Actually it would be great to move away from journald logging if possible, there's quite a big performance overhead right now. So how far off is this? Would be very happy to test once ready.

pscott commented 4 years ago

@ddorgan A PR that adds log rotation out of the box will be ready as soon as this issue on flexi_logger's repo is fixed (this one basically). This is, unless we decide to focus on slog or to keep on using env_logger :)

ddorgan commented 4 years ago

@pscott great, just ping me when it's ready to be tested.

cecton commented 4 years ago

Sorry but I'm going to play devil's advocate here.

it would nice to have the option of using logrotate without data loss.

Apparently log_rotate = data loss. The way the fix was designed is that substrate would play the role of log rotate. The next fix would be the same. Logrotate is out in all scenarios afaiu.

there's quite a big performance overhead right now.

I would really like to know more about that.

Also it's a sign that log rotation is not exactly easy to implement.
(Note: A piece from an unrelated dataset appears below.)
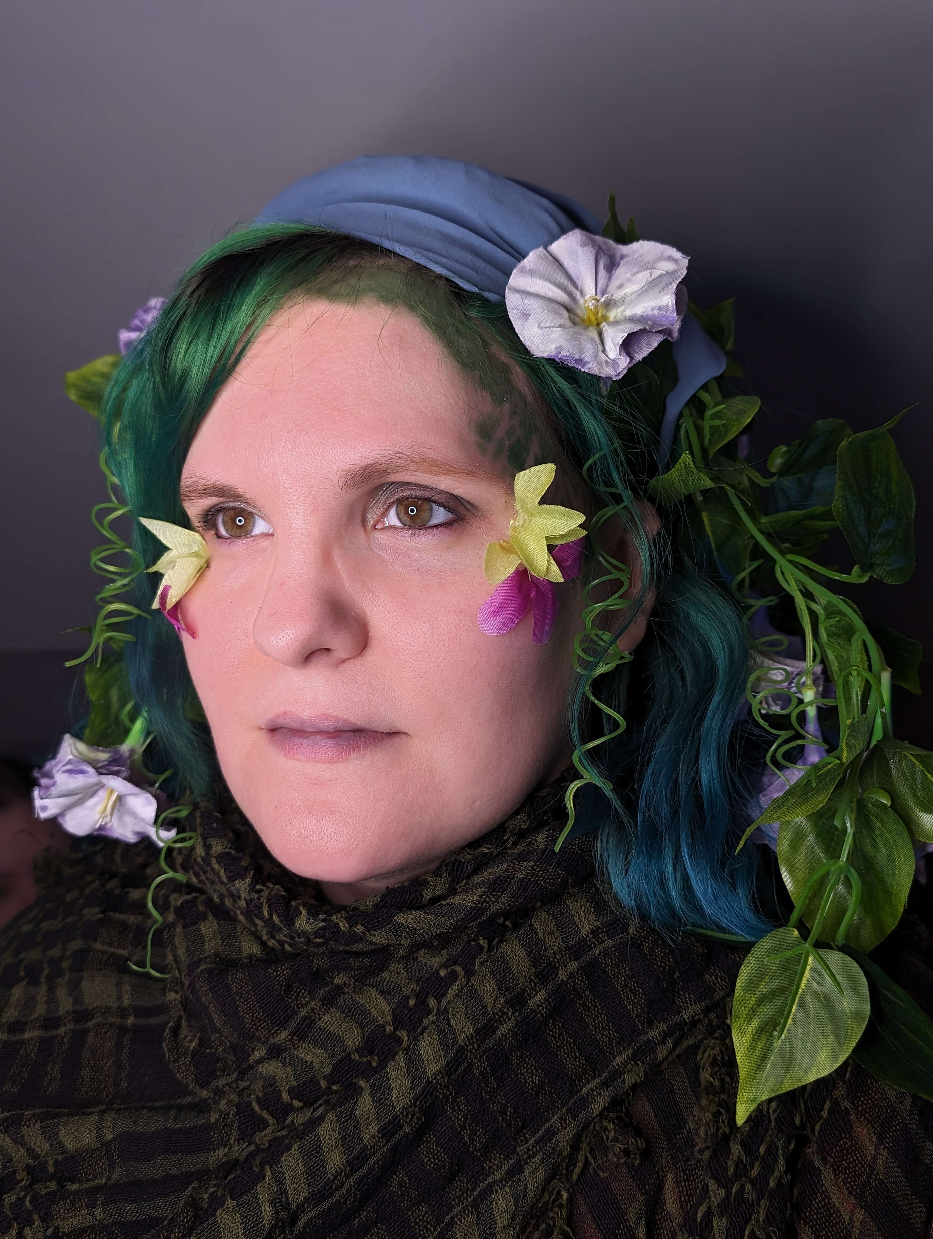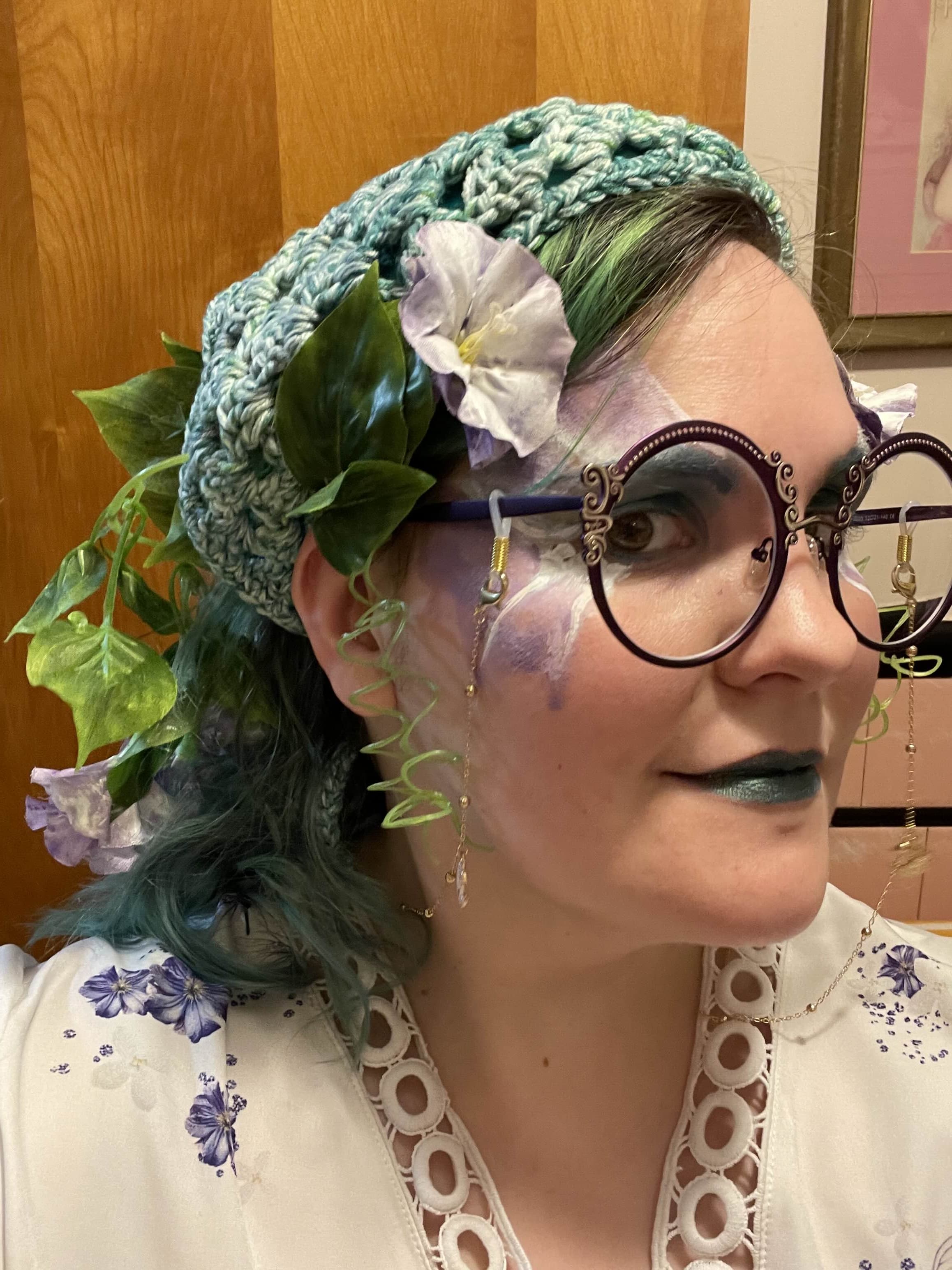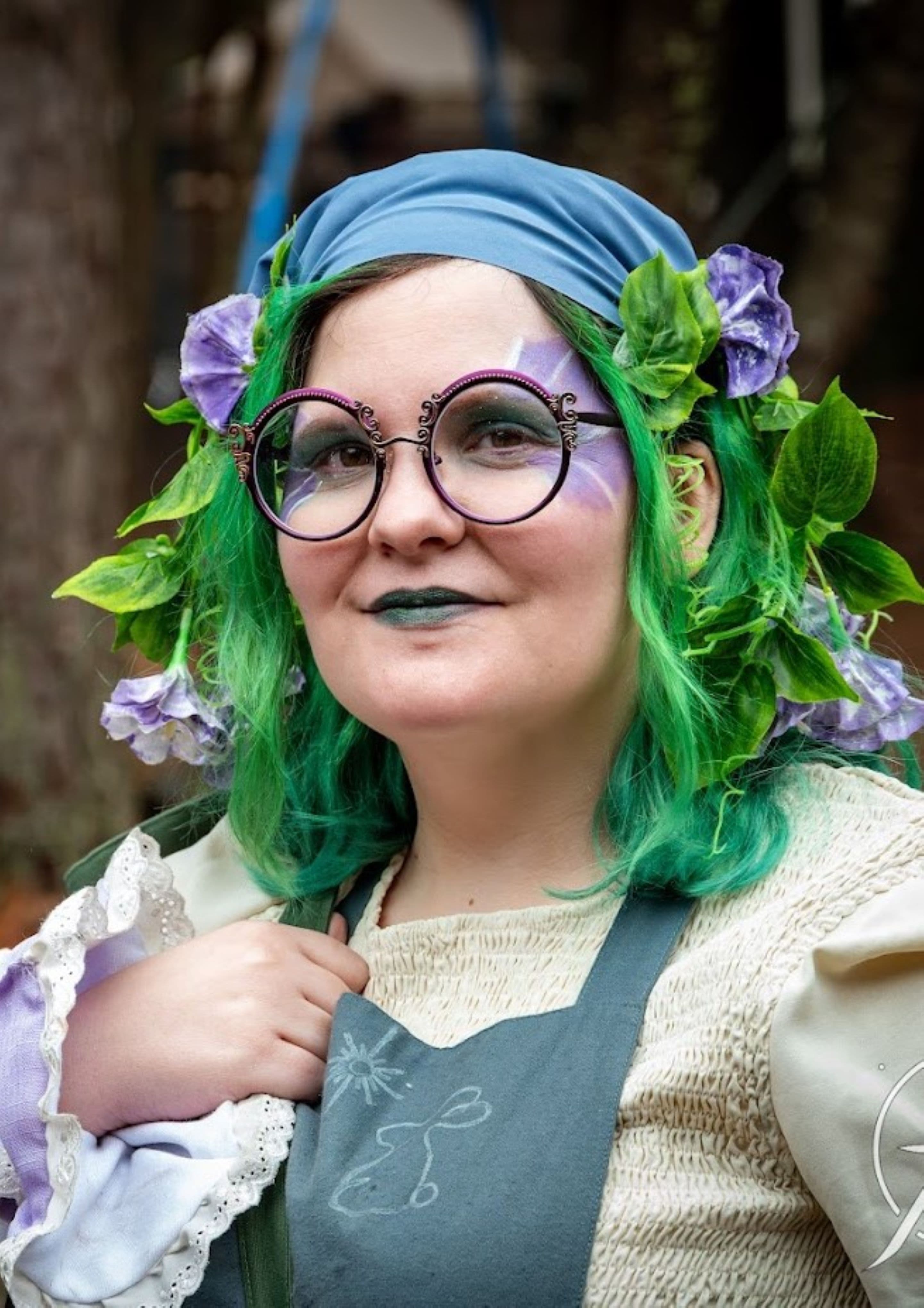 - Vines and flowers in hair and costuming

Therefore a custom solution instead of a well known, battle tested and commonly used solution might not be the best idea.

My point is: handling logs might be best handled by the OS.

Not all platforms have journald and for and end users it might be easier to use something build-in.

I assume every platform has its own logging mechanism. On Linux it's mostly system.d. I'm not a fan of system.d but if it does it's job...

Overall I think our motivations are questionable. I'm really not against adding the feature of log rotation but I think it is important to not rush it. Don't forget that we just reverted our first attempt already. If there is no more urgency (since we use journald now), then we should consider taking our time and thinking this though.